<<<<

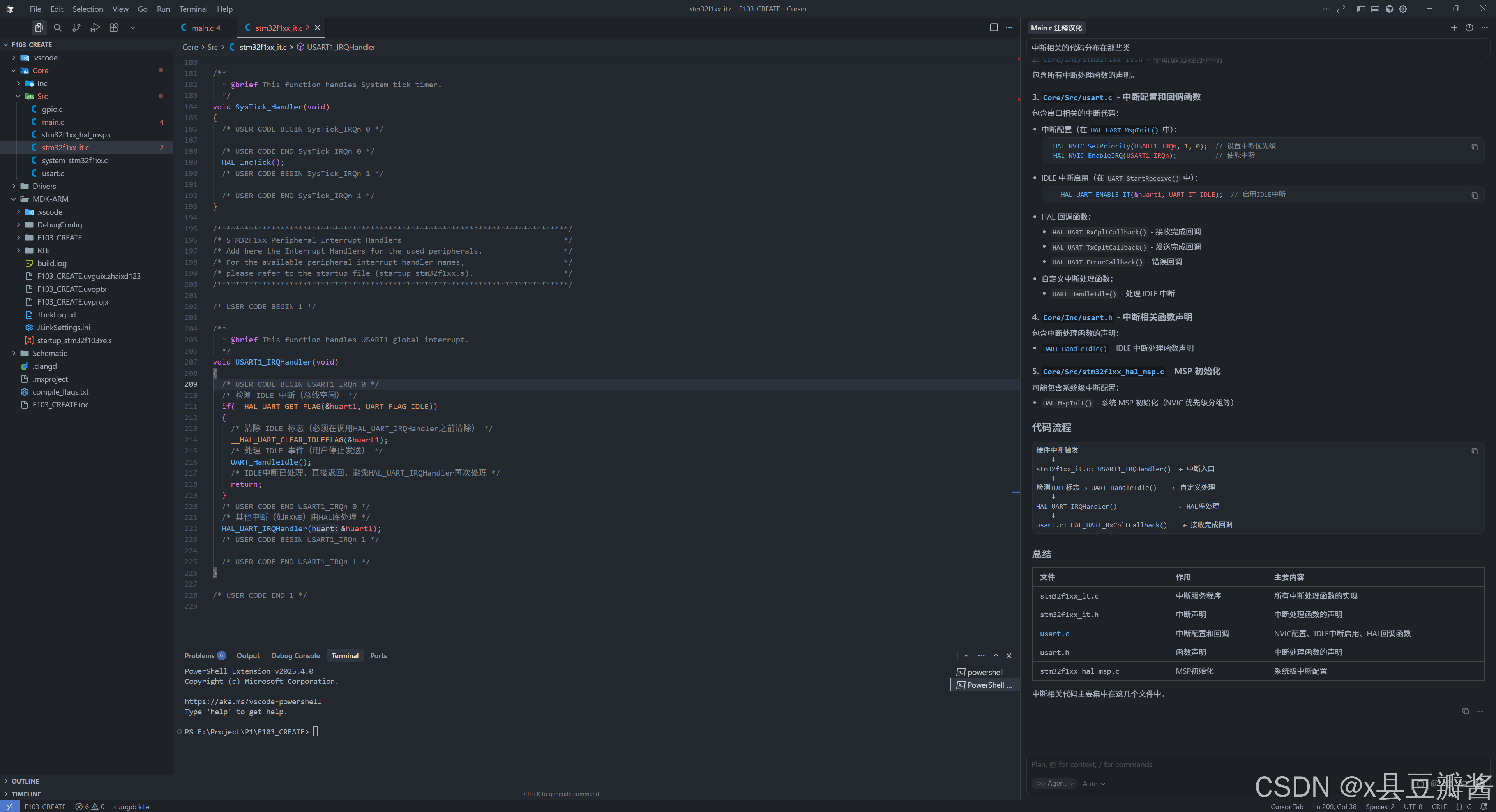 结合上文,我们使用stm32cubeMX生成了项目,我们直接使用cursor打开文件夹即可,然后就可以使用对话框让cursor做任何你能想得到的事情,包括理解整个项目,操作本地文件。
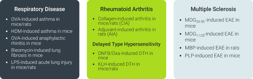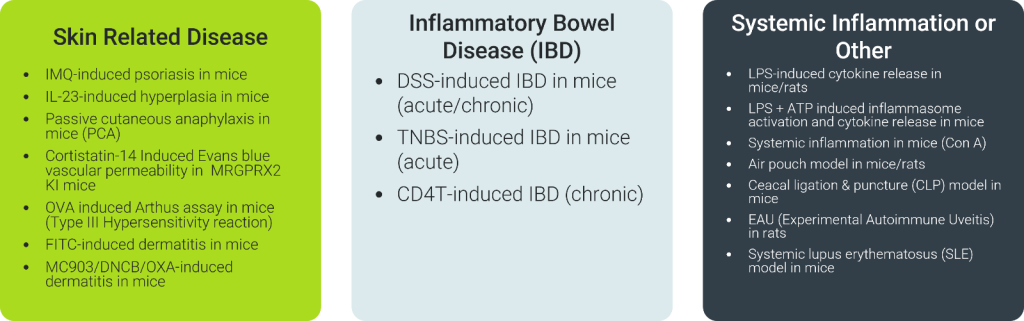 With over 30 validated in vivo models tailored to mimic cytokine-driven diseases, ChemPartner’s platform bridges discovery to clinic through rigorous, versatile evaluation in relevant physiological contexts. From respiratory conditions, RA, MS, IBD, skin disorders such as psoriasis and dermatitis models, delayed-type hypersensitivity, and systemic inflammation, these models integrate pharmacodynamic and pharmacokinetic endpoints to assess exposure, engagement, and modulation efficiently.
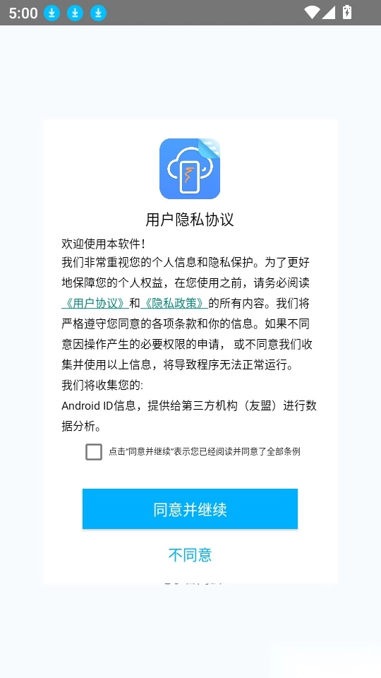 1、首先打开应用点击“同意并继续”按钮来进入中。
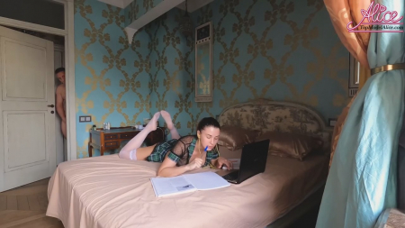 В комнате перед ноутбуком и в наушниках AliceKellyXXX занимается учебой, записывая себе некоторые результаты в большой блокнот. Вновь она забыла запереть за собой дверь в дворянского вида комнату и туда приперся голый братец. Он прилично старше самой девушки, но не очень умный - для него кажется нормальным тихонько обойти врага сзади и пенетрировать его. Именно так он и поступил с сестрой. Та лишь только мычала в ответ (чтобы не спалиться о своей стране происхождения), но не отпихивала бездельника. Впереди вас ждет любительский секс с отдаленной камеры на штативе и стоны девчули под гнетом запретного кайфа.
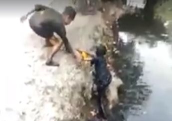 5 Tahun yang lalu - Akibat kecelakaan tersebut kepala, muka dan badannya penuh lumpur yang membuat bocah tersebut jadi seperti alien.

>>>>
<<<<

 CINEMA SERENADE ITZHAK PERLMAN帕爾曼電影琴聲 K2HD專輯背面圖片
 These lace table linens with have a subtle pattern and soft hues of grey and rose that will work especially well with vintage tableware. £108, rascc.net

>>>>

AIM OF THE EXERCISE :: Transcribe, exactly and without additions, the lines of the records above, beginning with the line that contains "CINEMA SERENADE ITZHAK" and ending with the line that contains "These lace table", both included.

ANSWER SECTION ::
 CINEMA SERENADE ITZHAK PERLMAN帕爾曼電影琴聲 K2HD專輯背面圖片
 These lace table linens with have a subtle pattern and soft hues of grey and rose that will work especially well with vintage tableware. £108, rascc.net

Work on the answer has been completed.